I'm considered this idea myself, it's very hard to find good quality Christmas lights these days, it's all made in China cheap garbage. It's too bad because LED tech itself is good, but the consumer strings use the cheapest possible LED modules are are just overall badly designed. I had a 2 sets completely die on me after only a few years of use. I find they are also not as bright as the incandescents.
One thing I'd love to look into one day is making my own using addressable LED modules. They would need to be permanently mounted on the house in such a way that they don't get direct sun light, as no matter what that will start to fade plastic after a while. I'm thinking they could be mounted directly under the soffits. Bulbs could still extend out but they could have replaceable plastic covers so when those do fade over time you can replace just the covers. Some of the cheap ones actually do already work like this, so could use the same kind of caps. The thing I'd want too is to make each LED addressable, using a standard protocol. (no app crap, just a basic serial protocol that can be ran from a raspberry pi). This would let me change the colours as I see fit, maybe have them animate etc. Could even have them do stuff for different seasons.

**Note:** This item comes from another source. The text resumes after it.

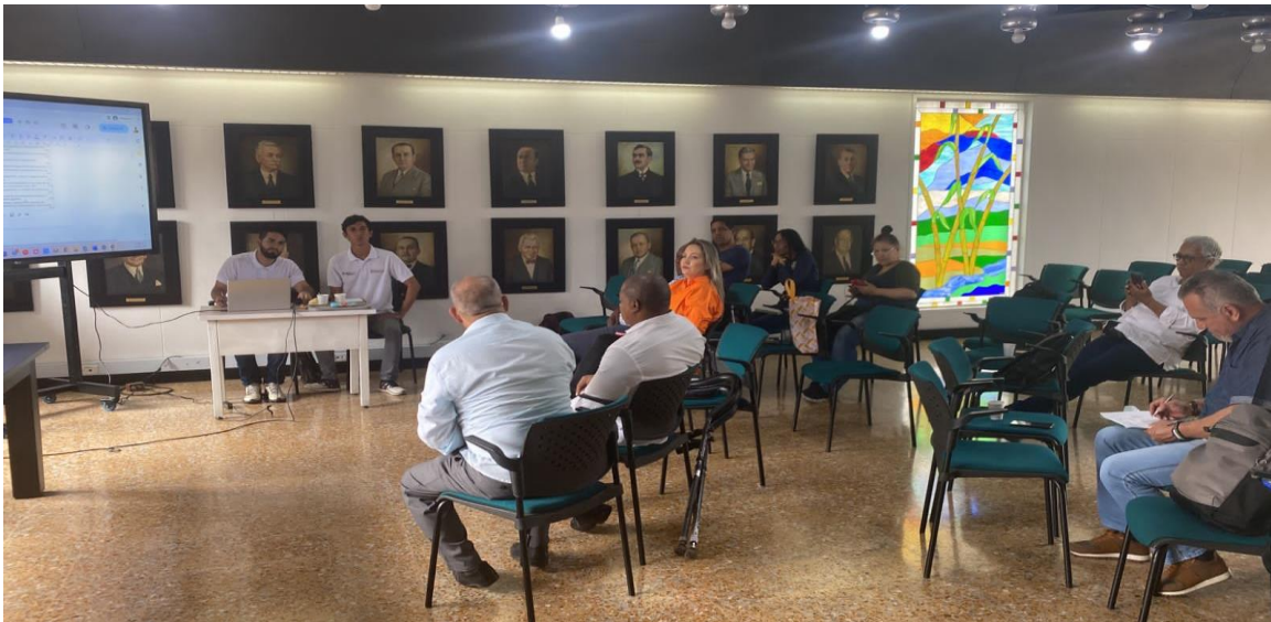
Evidencia Fotográfica: Mesa institucional

I don't know enough about designing this sort of thing though, like the electronics and coding I could figure out, but the actual plastic molding and the actual physical design would be out of my field of knowledge.

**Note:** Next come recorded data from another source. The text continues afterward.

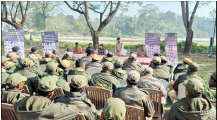
বাঘ শুমারির জন্য গরুমারায় বনকর্মীদের প্রশিক্ষণ।

বঙ্গা ব্যায়-প্রকল্পে একটি বাঘের অস্তিত্বের কথা ২০২৪ সালের বাঘ শুমারির রিপোর্টে উল্লেখ করা হয়েছিল। কিন্তু নেওড়াভালিতে ২০১৭ সাল থেকে মোবাইল ও ট্র্যাপ ক্যামেরায় গত বছর পর্যন্ত একাধিকবার বাঘের ছবি, মলের নমুনা পাওয়া গেলেও ২০২৪ সালের বাঘ শুমারি রিপোর্টে নেওড়ায় কোনও বাঘের
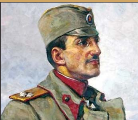
Всеволод Константинович Гуљевич: портрет регента Александра Карађорђевића
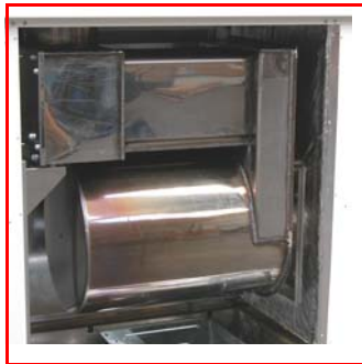
Chambre de combustion à retour de flamme et échangeur de chaleur à haut rendement en acier inoxydable
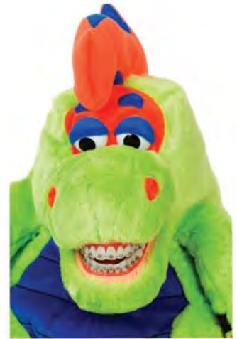
Farley Flossisaurus ORZ-PF901 Dinozaur

Large demonstration models and toothbrush / Modele pokazowe duże i szczotka do zębów

The next best thing is to just look into commercial lightning, they are supposedly good to stay year round and each bulb is 120v and has it's own converter, so you're not having to deal with 1 LED going bad and taking out a whole section.

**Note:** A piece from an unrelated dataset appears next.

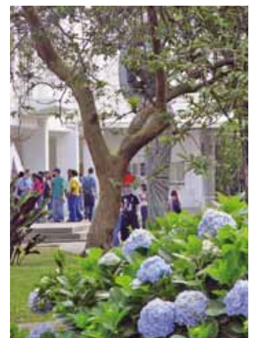
Parque de los sapos Universidad Tecnológica de Pereira

This is one site I found that sells commercial lights:
https://www.dekralite.com/
I'm tempted to buy at least a pack of bulbs, just to see if I like them, and if I do I will buy more, along with strings. The main thing I always watch out for with LED is that they properly bridge rectify and smooth them out. Unfortunately no company seems to really advertise this. So you pretty much need to buy and see for yourself. I have successfully modified some strings to at least put all the LEDs on the same polarity, then I plug it into a FULL BRIDGE RECTIFIER. It still flickers but at 120hz instead of 60 so it's not as hard on the eyes. Some sets don't have that flicker out of the box and don't require modding though, so at least some of them get it right.